Wednesday, February 9, 2011

Wild Texas Bushpoppers

One of the great philosophers of our time, Adam Sandler, said something in an interview tonight that was truly profound, “She (his wife) has the power to destroy me.”  Although he said it in his usual joking manner, there was definitely something serious in his eyes and I think he knew the statement was also very true.
When I thought about his comment later, it hit me: I have the power to destroy my spouse too.

I’m not talking super-hero-powers here (which I’m sure will greatly disappoint my two boys) but super-power nonetheless.  I have the power of both life and death in the words I say, the power to build up or destroy someone and THAT is no joke.  (Prov. 18:21)

Let that idea just really hit home for a moment…our words have power to bring LIFE or DEATH.  Geez, thanks God, for that responsibility…no pressure, right?!

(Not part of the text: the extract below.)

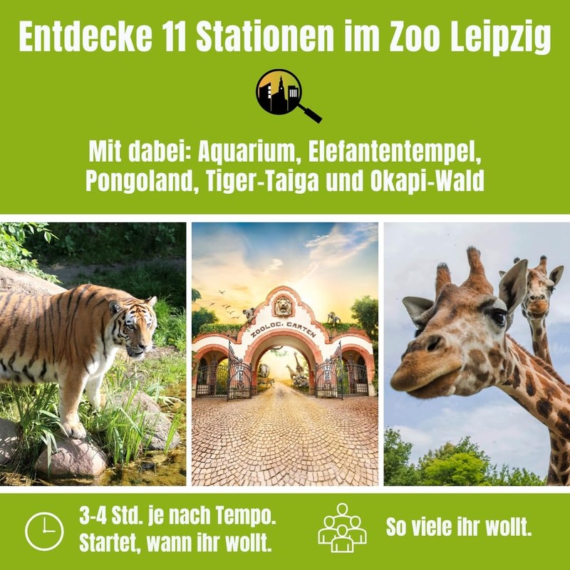 - Spannende Schnitzeljagd: Das Stadtspiel Zoo Leipzig eignet sich perfekt für Familien und Zoo-Liebhaber. Altersempfehlung: 6 bis 99 Jahre. Besichtige jede Station so lange du möchtest, auch Pausen sind jederzeit möglich.
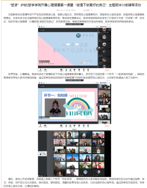 脉脉清风润心灵,心晴氛暖释压力。为缓解学生在疫情环境下产生的恐慌焦虑心理,缓解心理压力,宣传普及心理健康知识,增强学生心理安全感,加强学院心理健康教育建设,为学生学习生活提供良好的心理健康教育环境,帮助学生健康成长,学院积极响应学生工作部关于开展“开学第一课”的号召,组织开展心理健康“心晴防疫 做最好的自己”主题团体辅导,辅导员焦瑞老师开展团体辅导,yl6809永利官网集团学生积极踊跃参加。心理健康教育活动有效帮助了学生缓解疫情下的沉闷心理,同学之间交流陪伴倾听,倾诉自己的烦恼,互相真诚陪伴,传递正能量,让同学们在交往中学会认识自我,接纳自我,增强了学生的心理素质与综合能力,促进了自我健康成长。

I am the first to admit I am no John Wayne and I have not yet mastered the art of lassoing in my wayward tongue when I get a bit of Irish fire started in my veins.  But good ol’ John’s deep throated drawl sometimes sounds off in my head when I’m about to speak something negative to my honey-pie,

(Click here to hear what he says, best coming straight from the source)

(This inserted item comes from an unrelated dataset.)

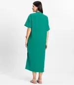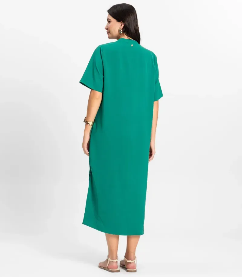 Vestido feminino midi confeccionado em Twill Cey, perfeito para um visual leve e sofisticado. Possui decote com acabamento em retilínea e pesponto aparente, além de bainha estilo lenço nas mangas e barra, trazendo delicadeza ao acabamento. O modelo conta com abertura lateral de um lado só, com acabamento limpo e discreto. Ideal para quem busca conforto com um toque moderno e diferenciado.

Sometimes I "can it" and avoid making that mistake and being a wild Texas Brushpopper (whatever that is!) but more often than not, I blow it.  Darn it!  If only I could just keep my mouth shut until that Irish spitfire in me simmers down.

The times I do build up my spouse (or children, friends, family, etc.), the results of those positive words are much quicker and cheaper than anything you could ever buy on an infomercial (even if it is only 3 easy payments of $9.99 plus shipping and handling and swindling cost).  A lit up face, a huge grin, a desire to do something kind in return; these are just a few of the wonders a kind word will evoke.

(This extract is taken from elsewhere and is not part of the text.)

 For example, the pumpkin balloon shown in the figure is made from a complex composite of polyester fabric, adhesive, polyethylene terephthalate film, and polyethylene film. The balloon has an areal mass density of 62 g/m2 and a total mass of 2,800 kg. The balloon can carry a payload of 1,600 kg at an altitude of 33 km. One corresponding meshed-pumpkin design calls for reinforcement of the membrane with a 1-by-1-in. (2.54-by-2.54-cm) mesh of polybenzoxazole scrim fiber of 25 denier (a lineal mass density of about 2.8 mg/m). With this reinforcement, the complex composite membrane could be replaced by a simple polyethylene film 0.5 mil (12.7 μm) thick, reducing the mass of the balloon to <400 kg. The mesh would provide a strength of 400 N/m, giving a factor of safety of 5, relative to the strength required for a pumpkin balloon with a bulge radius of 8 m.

Many of you have heard of Florence Littaeur, one of the most influential and successful woman of our time.  Her success was hard-won as she fought most of her life to overcome many inner insecurities that she had.  Although she would never fault her mother for some of these, she once shared that her mom was never a very encouraging person.

When Florence grew up and asked her mother why she never said anything uplifting or kind to them when they were kids, her mom said this, “I didn’t want to say something good about you and be proven wrong later.”


The power of words.

Come to think of it, I’m going to stop typing this blog right now. There is a very sweet guy that just collapsed into a chair after a long day of working hard for his family and I have some life-giving words that are long overdue that I need to give him.